__WHAT NEEDS TO BE DONE__
The whole listing that follows is to be restated word for word, images excluded.

───

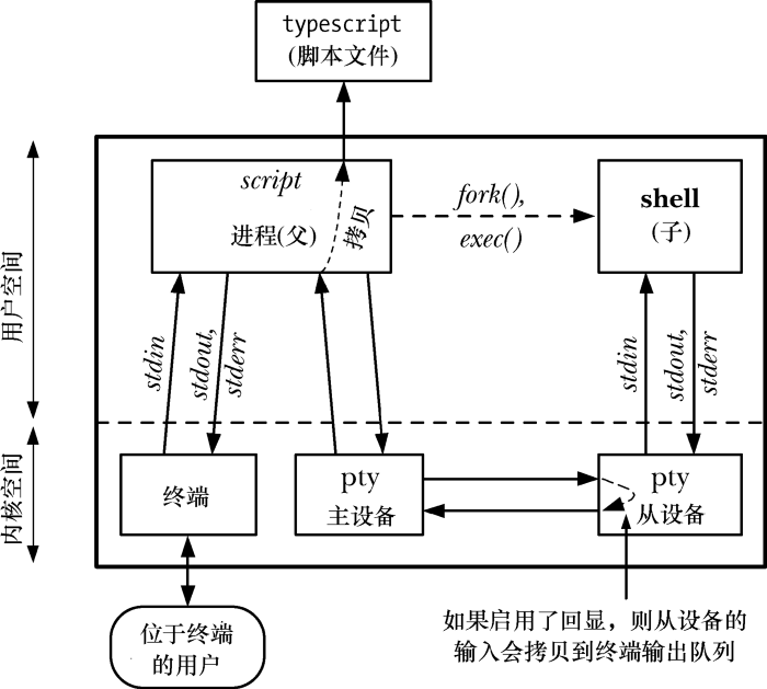- script(1) 这个时候像是驱动程序,接收用户输入,在用户和子进程(shell)之间传递信息。
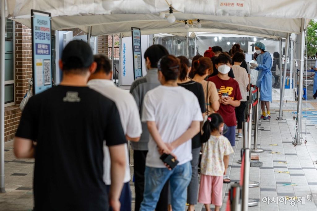 코로나19 신규 확진자가 3만명대로 들어선 12일 서울 마포구보건소에 마련된 선별검사소를 찾은 시민들이 검사를 받기 위해 줄을 서고 있다. /강진형 기자aymsdream@
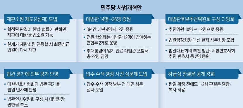 4. 더불어민주당이 대법관 수를 14명에서 26명으로 확대하는 내용을 골자로 하는 자체 사법개혁안을 발표했습니다.
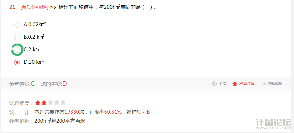 | 選“D”對,200hm2=(200*100)m2=(20*1000)m2=20km2 平方符號沒寫規范,大家原諒。h是100詞頭。 |
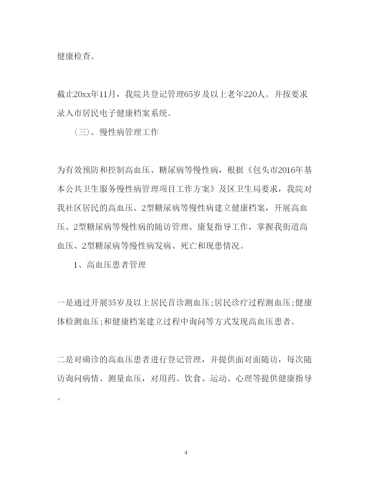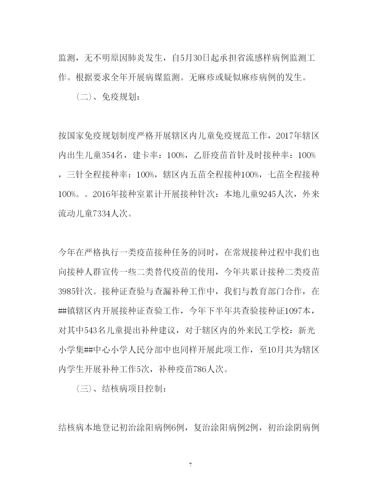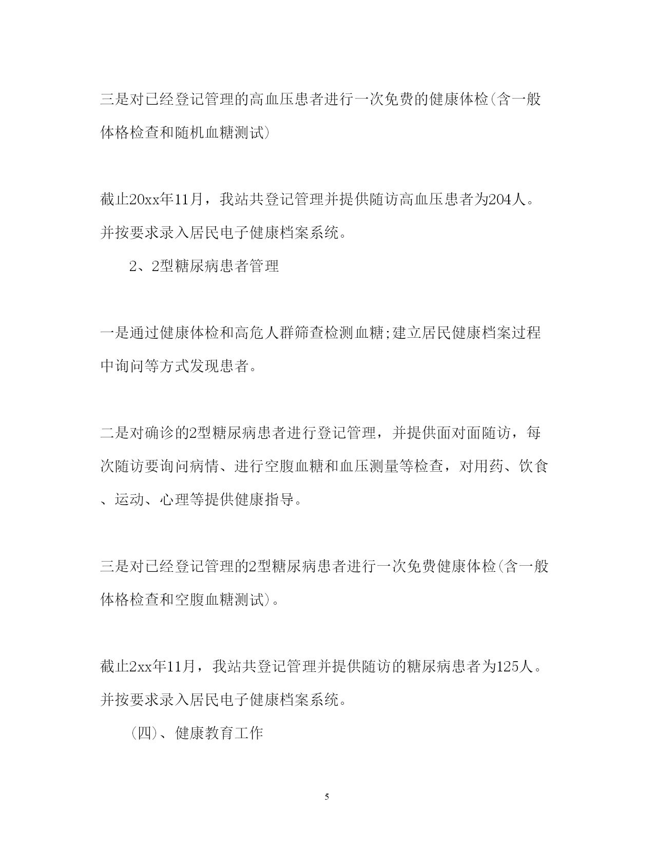 此资料由网络收集而来,如有侵权请告知上传者立即删除。资料共分享,我们负责传递知识。PAGEPAGE13度公共卫生服务工作总结2017年度公共卫生服务工作总结公共卫生服务工作已经告一段落,我们的工作总结不能忽视。下面是小编搜集整理的2017年度公共卫生服务工作总结,欢迎阅读。2017年度公共卫生服务工作总结12017年,我站在卫生局的正确领导下,严格执行《国家基本公共卫生服务规范》认真贯彻落实《包头市基本公共卫生服务项目工作方案》以及卫生局各类文件精神,加强内部管理,严抓基本公共卫生服务项目工作,充分调动全站职工的工作积极性和主动性,取得了较好效果,现将我院基本公共卫生服务项目工作总结汇报一、基本公共卫生服务项目开展落实情况(一)、居民健康档案工作根据《20xx年基本公共卫生服务建立居民健康档案项目工作方案》要求,在区卫生局统一部署下,我院于今年3月份开展了2017年建立居民健康档案工作。一是争取领导重视,搞好综合协调。为迅速落实建档工作,我院多次向办事处居会等基层管理组织单位进行协调与沟通,得到党委政府的大力支持,分管领导亲自组织召开协调会,亲自安排部署,使居委会对居民健康档案工作十分重视,每个辖区都安排专人负责协助建档工作。二是加强组织领导,落实工作责任。为确保居民健康档案工作的顺利进行,我站专门成立了由站长任组长的居民健康档案工作领导小组,加强整个街道居民健康档案工作组织领导,制定了操作性强、切实可行的实施方案。成立专门建档工作小组和居民健康体检小组相互积极配合采取进入户调查统一体检服务的方式为居民建立健康档案建档工作。三、是加大宣传力度,提高居民主动建档意识。为提高我辖区居民主动参与建档意识,我站大力宣传发放各类宣传材料让每一名社区居民了解居民健康档案,积极主动配合我院建档工作小组顺利完成居民建档工作。四、加强人员培训,强化服务意识。为确保居民健康档案保质保量完成,我站对每一名参与居民健康档案建立的工作人员进行了多次业务培训,让每一名工作人员熟悉居民健康档案建立的重要性和必要性,熟练掌握自己的本职工作和建档程序。截止20xx年11月底,我站共为七社区居民建立家庭健康档案纸质档案3974份,并把纸质居民健康档案完善合格录入居民电子健康档案系统(二)、老年人健康管理工作根据《包头市基本公共卫生服务老年人健康管理项目工作方案》及区卫生局要求,我院开展了老年人健康管理服务项目。一、结合建立居民健康档案对我街道65岁及以上老年人进行登记管理,并对所有登记管理的老年人免费进行一次健康危险因素调查和一般体格检查及空腹血糖测试,并提供自我保健及伤害预防、自救等健康指导。二、开展老年人健康干预。对发现已确诊的高血压和2型糖尿病患者纳入相应的慢性病患者进行管理;对存在危险因素且未纳入其他疾病管理的老年居民进行定期随访,并告知该居民一年后进行下一次免费健康检查。截止20xx年11月,我院共登记管理65岁及以上老年220人。并按要求录入市居民电子健康档案系统。(三)、慢性病管理工作为有效预防和控制高血压、糖尿病等慢性病,根据《包头市2016年基本公共卫生服务慢性病管理项目工作方案》及区卫生局要求,我院对我社区居民的高血压、2型糖尿病等慢性病建立健康档案,开展高血压、2型糖尿病等慢性病的随访管理、康复指导工作,掌握我街道高血压、2型糖尿病等慢性病发病、死亡和现患情况。1、高血压患者管理一是通过开展35岁及以上居民首诊测血压;居民诊疗过程测血压;健康体检测血压;和健康档案建立过程中询问等方式发现高血压患者。二是对确诊的高血压患者进行登记管理,并提供面对面随访,每次随访询问病情、测量血压,对用药、饮食、运动、心理等提供健康指导。三是对已经登记管理的高血压患者进行一次免费的健康体检(含一般体格检查和随机血糖测试)截止20xx年11月,我站共登记管理并提供随访高血压患者为204人。并按要求录入居民电子健康档案系统。2、2型糖尿病患者管理一是通过健康体检和高危人群筛查检测血糖;建立居民健康档案过程中询问等方式发现患者。二是对确诊的2型糖尿病患者进行登记管理,并提供面对面随访,每次随访要询问病情、进行空腹血糖和血压测量等检查,对用药、饮食、运动、心理等提供健康指导。三是对已经登记管理的2型糖尿病患者进行一次免费健康体检(含一般体格检查和空腹血糖测试)。截止2xx年11月,我站共登记管理并提供随访的糖尿病患者为125人。并按要求录入居民电子健康档案系统。(四)、健康教育工作一是严格按照健康教育服务规范要求,认真贯彻落实区卫生局及上级部门的各项健康教育项目工作。采取了发放宣传材料、开展健康宣教、设置宣传栏的各种方式,针对重点人群、重点疾病和我苏木主要卫生问题和危险因素开展健康
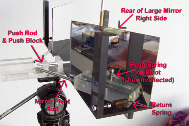 Hay probablemente muchas maneras que podría ser diseñado este control de convergencia, pero usé una pequeña leva en un eje que empuja una varilla de aluminio de 1/4 hacia atrás. En el extremo de la barra hay una pieza de plástico que se inserta en un par de barras de aluminio, que se une a cada uno del espejo grande monta. Los agujeros para estas barras se hacen también mejor antes de pegar los espejos en los Montes, y con mi sistema también hay pequeños agujeros para los pernos que se enganchan en los resortes de retorno. Coloque los resortes de retorno a los extremos exteriores de los montajes del espejo grande a tirar contra la leva, varilla de empuje y espejo varas. También usé pequeños resortes de empuje en el espejo grande de tornillos de montaje para que puedan moverse libremente pero permanecer plana contra la placa base.
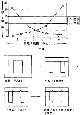 設(shè)計者必須考慮的問題是小型化及提高功效。對現(xiàn)有的電抗器部品進行設(shè)計改良,鐵心是電抗器設(shè)計中最主要部件之一。我們通過多種方案和實驗,選擇最優(yōu)化的設(shè)計方案,同時選擇滿足的電器性能的材料。一臺性價比好的電抗器,既要考慮成本,又要考慮性能,找出兩者結(jié)合點是我們設(shè)計首先考慮的問題。在圖3中,可看“4”是最佳點。
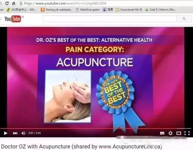 美国的超级著名健康节目Doctor Oz(奥茨医生秀),主持人为一个毕业于世界顶级医学院的美国心外科医生,在自己主持的中体验针灸并拼命宣传普及中医针灸 best of best。
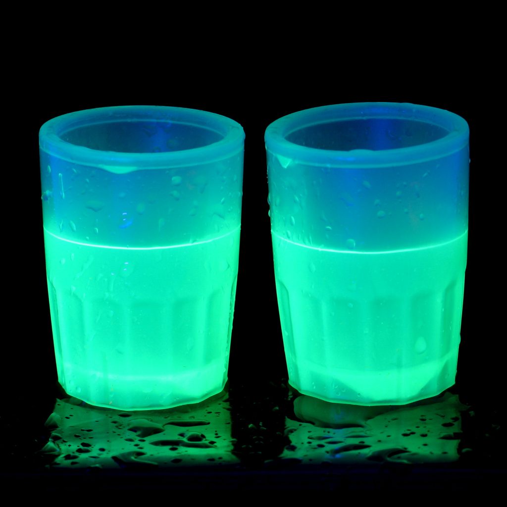 Knicklichter Shot-Becher sind doppelwandige Becher, die im Inneren Knicklichter-Leuchtflüssigkeit enthalten. Im Boden des Bechers befindet sich ein Glasröhrchen, das die beiden Flüssigkeiten voneinander trennt. Mit einem kräftigen Druck auf den Boden wird das Röhrchen zerbrochen – die Flüssigkeiten vermischen sich und der Becher beginnt zu leuchten.

───

__RESULT FOR THIS EXERCISE__
- script(1) 这个时候像是驱动程序,接收用户输入,在用户和子进程(shell)之间传递信息。
 코로나19 신규 확진자가 3만명대로 들어선 12일 서울 마포구보건소에 마련된 선별검사소를 찾은 시민들이 검사를 받기 위해 줄을 서고 있다. /강진형 기자aymsdream@
 4. 더불어민주당이 대법관 수를 14명에서 26명으로 확대하는 내용을 골자로 하는 자체 사법개혁안을 발표했습니다.
 | 選“D”對,200hm2=(200*100)m2=(20*1000)m2=20km2 平方符號沒寫規范,大家原諒。h是100詞頭。 |
 此资料由网络收集而来,如有侵权请告知上传者立即删除。资料共分享,我们负责传递知识。PAGEPAGE13度公共卫生服务工作总结2017年度公共卫生服务工作总结公共卫生服务工作已经告一段落,我们的工作总结不能忽视。下面是小编搜集整理的2017年度公共卫生服务工作总结,欢迎阅读。2017年度公共卫生服务工作总结12017年,我站在卫生局的正确领导下,严格执行《国家基本公共卫生服务规范》认真贯彻落实《包头市基本公共卫生服务项目工作方案》以及卫生局各类文件精神,加强内部管理,严抓基本公共卫生服务项目工作,充分调动全站职工的工作积极性和主动性,取得了较好效果,现将我院基本公共卫生服务项目工作总结汇报一、基本公共卫生服务项目开展落实情况(一)、居民健康档案工作根据《20xx年基本公共卫生服务建立居民健康档案项目工作方案》要求,在区卫生局统一部署下,我院于今年3月份开展了2017年建立居民健康档案工作。一是争取领导重视,搞好综合协调。为迅速落实建档工作,我院多次向办事处居会等基层管理组织单位进行协调与沟通,得到党委政府的大力支持,分管领导亲自组织召开协调会,亲自安排部署,使居委会对居民健康档案工作十分重视,每个辖区都安排专人负责协助建档工作。二是加强组织领导,落实工作责任。为确保居民健康档案工作的顺利进行,我站专门成立了由站长任组长的居民健康档案工作领导小组,加强整个街道居民健康档案工作组织领导,制定了操作性强、切实可行的实施方案。成立专门建档工作小组和居民健康体检小组相互积极配合采取进入户调查统一体检服务的方式为居民建立健康档案建档工作。三、是加大宣传力度,提高居民主动建档意识。为提高我辖区居民主动参与建档意识,我站大力宣传发放各类宣传材料让每一名社区居民了解居民健康档案,积极主动配合我院建档工作小组顺利完成居民建档工作。四、加强人员培训,强化服务意识。为确保居民健康档案保质保量完成,我站对每一名参与居民健康档案建立的工作人员进行了多次业务培训,让每一名工作人员熟悉居民健康档案建立的重要性和必要性,熟练掌握自己的本职工作和建档程序。截止20xx年11月底,我站共为七社区居民建立家庭健康档案纸质档案3974份,并把纸质居民健康档案完善合格录入居民电子健康档案系统(二)、老年人健康管理工作根据《包头市基本公共卫生服务老年人健康管理项目工作方案》及区卫生局要求,我院开展了老年人健康管理服务项目。一、结合建立居民健康档案对我街道65岁及以上老年人进行登记管理,并对所有登记管理的老年人免费进行一次健康危险因素调查和一般体格检查及空腹血糖测试,并提供自我保健及伤害预防、自救等健康指导。二、开展老年人健康干预。对发现已确诊的高血压和2型糖尿病患者纳入相应的慢性病患者进行管理;对存在危险因素且未纳入其他疾病管理的老年居民进行定期随访,并告知该居民一年后进行下一次免费健康检查。截止20xx年11月,我院共登记管理65岁及以上老年220人。并按要求录入市居民电子健康档案系统。(三)、慢性病管理工作为有效预防和控制高血压、糖尿病等慢性病,根据《包头市2016年基本公共卫生服务慢性病管理项目工作方案》及区卫生局要求,我院对我社区居民的高血压、2型糖尿病等慢性病建立健康档案,开展高血压、2型糖尿病等慢性病的随访管理、康复指导工作,掌握我街道高血压、2型糖尿病等慢性病发病、死亡和现患情况。1、高血压患者管理一是通过开展35岁及以上居民首诊测血压;居民诊疗过程测血压;健康体检测血压;和健康档案建立过程中询问等方式发现高血压患者。二是对确诊的高血压患者进行登记管理,并提供面对面随访,每次随访询问病情、测量血压,对用药、饮食、运动、心理等提供健康指导。三是对已经登记管理的高血压患者进行一次免费的健康体检(含一般体格检查和随机血糖测试)截止20xx年11月,我站共登记管理并提供随访高血压患者为204人。并按要求录入居民电子健康档案系统。2、2型糖尿病患者管理一是通过健康体检和高危人群筛查检测血糖;建立居民健康档案过程中询问等方式发现患者。二是对确诊的2型糖尿病患者进行登记管理,并提供面对面随访,每次随访要询问病情、进行空腹血糖和血压测量等检查,对用药、饮食、运动、心理等提供健康指导。三是对已经登记管理的2型糖尿病患者进行一次免费健康体检(含一般体格检查和空腹血糖测试)。截止2xx年11月,我站共登记管理并提供随访的糖尿病患者为125人。并按要求录入居民电子健康档案系统。(四)、健康教育工作一是严格按照健康教育服务规范要求,认真贯彻落实区卫生局及上级部门的各项健康教育项目工作。采取了发放宣传材料、开展健康宣教、设置宣传栏的各种方式,针对重点人群、重点疾病和我苏木主要卫生问题和危险因素开展健康
 Hay probablemente muchas maneras que podría ser diseñado este control de convergencia, pero usé una pequeña leva en un eje que empuja una varilla de aluminio de 1/4 hacia atrás. En el extremo de la barra hay una pieza de plástico que se inserta en un par de barras de aluminio, que se une a cada uno del espejo grande monta. Los agujeros para estas barras se hacen también mejor antes de pegar los espejos en los Montes, y con mi sistema también hay pequeños agujeros para los pernos que se enganchan en los resortes de retorno. Coloque los resortes de retorno a los extremos exteriores de los montajes del espejo grande a tirar contra la leva, varilla de empuje y espejo varas. También usé pequeños resortes de empuje en el espejo grande de tornillos de montaje para que puedan moverse libremente pero permanecer plana contra la placa base.
 設(shè)計者必須考慮的問題是小型化及提高功效。對現(xiàn)有的電抗器部品進行設(shè)計改良,鐵心是電抗器設(shè)計中最主要部件之一。我們通過多種方案和實驗,選擇最優(yōu)化的設(shè)計方案,同時選擇滿足的電器性能的材料。一臺性價比好的電抗器,既要考慮成本,又要考慮性能,找出兩者結(jié)合點是我們設(shè)計首先考慮的問題。在圖3中,可看“4”是最佳點。
 美国的超级著名健康节目Doctor Oz(奥茨医生秀),主持人为一个毕业于世界顶级医学院的美国心外科医生,在自己主持的中体验针灸并拼命宣传普及中医针灸 best of best。
 Knicklichter Shot-Becher sind doppelwandige Becher, die im Inneren Knicklichter-Leuchtflüssigkeit enthalten. Im Boden des Bechers befindet sich ein Glasröhrchen, das die beiden Flüssigkeiten voneinander trennt. Mit einem kräftigen Druck auf den Boden wird das Röhrchen zerbrochen – die Flüssigkeiten vermischen sich und der Becher beginnt zu leuchten.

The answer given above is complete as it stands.